## [MATERIAL FOR THIS TASK]

*-*-*

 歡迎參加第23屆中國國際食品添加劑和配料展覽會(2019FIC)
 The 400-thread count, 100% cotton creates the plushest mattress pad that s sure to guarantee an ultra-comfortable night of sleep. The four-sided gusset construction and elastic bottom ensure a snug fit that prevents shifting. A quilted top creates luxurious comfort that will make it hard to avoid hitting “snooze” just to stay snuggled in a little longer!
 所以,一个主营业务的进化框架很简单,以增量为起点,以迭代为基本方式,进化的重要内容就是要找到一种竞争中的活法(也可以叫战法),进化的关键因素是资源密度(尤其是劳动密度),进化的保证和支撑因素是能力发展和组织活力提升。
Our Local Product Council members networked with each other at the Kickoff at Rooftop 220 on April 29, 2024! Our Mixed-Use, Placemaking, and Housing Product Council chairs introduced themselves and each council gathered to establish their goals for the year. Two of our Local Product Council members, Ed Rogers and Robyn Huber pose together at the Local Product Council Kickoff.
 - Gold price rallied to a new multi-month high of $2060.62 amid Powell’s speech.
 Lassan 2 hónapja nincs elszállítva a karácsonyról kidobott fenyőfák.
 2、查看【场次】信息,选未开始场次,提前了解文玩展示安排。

*-*-*

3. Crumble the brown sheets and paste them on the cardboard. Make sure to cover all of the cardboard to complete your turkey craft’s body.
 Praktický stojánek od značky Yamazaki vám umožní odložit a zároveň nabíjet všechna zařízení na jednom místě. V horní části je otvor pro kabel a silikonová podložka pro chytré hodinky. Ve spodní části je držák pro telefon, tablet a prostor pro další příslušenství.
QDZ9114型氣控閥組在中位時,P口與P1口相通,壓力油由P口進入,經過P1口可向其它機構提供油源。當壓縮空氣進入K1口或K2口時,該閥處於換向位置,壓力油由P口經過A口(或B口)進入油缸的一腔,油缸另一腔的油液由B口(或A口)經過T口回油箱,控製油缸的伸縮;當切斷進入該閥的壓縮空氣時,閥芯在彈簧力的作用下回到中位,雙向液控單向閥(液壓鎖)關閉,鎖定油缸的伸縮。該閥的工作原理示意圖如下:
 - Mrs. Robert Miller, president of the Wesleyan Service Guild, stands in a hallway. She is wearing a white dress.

*-*-*

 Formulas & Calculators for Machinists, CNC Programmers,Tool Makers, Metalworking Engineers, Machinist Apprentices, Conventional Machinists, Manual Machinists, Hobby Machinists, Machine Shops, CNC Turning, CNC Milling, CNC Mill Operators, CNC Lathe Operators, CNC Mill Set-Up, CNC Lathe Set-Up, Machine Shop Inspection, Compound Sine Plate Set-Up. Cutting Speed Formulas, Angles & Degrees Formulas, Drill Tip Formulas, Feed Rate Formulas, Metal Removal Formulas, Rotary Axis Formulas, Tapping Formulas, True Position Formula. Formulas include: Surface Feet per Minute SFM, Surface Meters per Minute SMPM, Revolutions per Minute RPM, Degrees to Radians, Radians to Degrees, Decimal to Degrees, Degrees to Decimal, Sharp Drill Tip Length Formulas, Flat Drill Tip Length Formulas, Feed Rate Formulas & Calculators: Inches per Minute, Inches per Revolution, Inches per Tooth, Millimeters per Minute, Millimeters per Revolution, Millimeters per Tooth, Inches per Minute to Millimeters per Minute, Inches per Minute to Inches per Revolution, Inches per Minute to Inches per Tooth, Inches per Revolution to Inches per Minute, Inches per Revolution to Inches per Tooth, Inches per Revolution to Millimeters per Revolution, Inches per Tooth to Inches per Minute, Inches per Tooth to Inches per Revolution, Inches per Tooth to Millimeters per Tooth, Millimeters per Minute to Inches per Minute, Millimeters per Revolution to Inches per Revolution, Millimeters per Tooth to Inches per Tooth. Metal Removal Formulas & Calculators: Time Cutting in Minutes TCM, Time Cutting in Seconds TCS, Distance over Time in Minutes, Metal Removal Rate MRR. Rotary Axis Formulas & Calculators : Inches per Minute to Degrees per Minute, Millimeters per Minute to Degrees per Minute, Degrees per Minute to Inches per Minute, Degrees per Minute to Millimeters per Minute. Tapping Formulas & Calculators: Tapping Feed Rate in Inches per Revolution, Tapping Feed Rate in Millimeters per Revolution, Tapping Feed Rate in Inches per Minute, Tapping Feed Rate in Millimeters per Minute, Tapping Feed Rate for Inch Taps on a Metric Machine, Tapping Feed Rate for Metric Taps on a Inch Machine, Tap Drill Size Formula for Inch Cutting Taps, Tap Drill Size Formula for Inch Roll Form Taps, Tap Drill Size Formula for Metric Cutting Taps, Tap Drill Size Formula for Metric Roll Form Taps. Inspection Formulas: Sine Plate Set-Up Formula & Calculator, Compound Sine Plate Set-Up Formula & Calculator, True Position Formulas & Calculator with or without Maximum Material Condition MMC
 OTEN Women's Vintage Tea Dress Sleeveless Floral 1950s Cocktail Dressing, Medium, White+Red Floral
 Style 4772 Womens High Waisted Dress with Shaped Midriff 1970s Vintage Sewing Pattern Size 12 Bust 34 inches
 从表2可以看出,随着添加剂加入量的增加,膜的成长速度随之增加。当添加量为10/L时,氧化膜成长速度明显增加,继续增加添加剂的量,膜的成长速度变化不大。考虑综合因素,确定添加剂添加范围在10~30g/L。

*-*-*

## [TASK DESCRIPTION]
Pull every line containing the word "Vintage" out of the material and copy it.

## [RESULT]
 OTEN Women's Vintage Tea Dress Sleeveless Floral 1950s Cocktail Dressing, Medium, White+Red Floral
 Style 4772 Womens High Waisted Dress with Shaped Midriff 1970s Vintage Sewing Pattern Size 12 Bust 34 inches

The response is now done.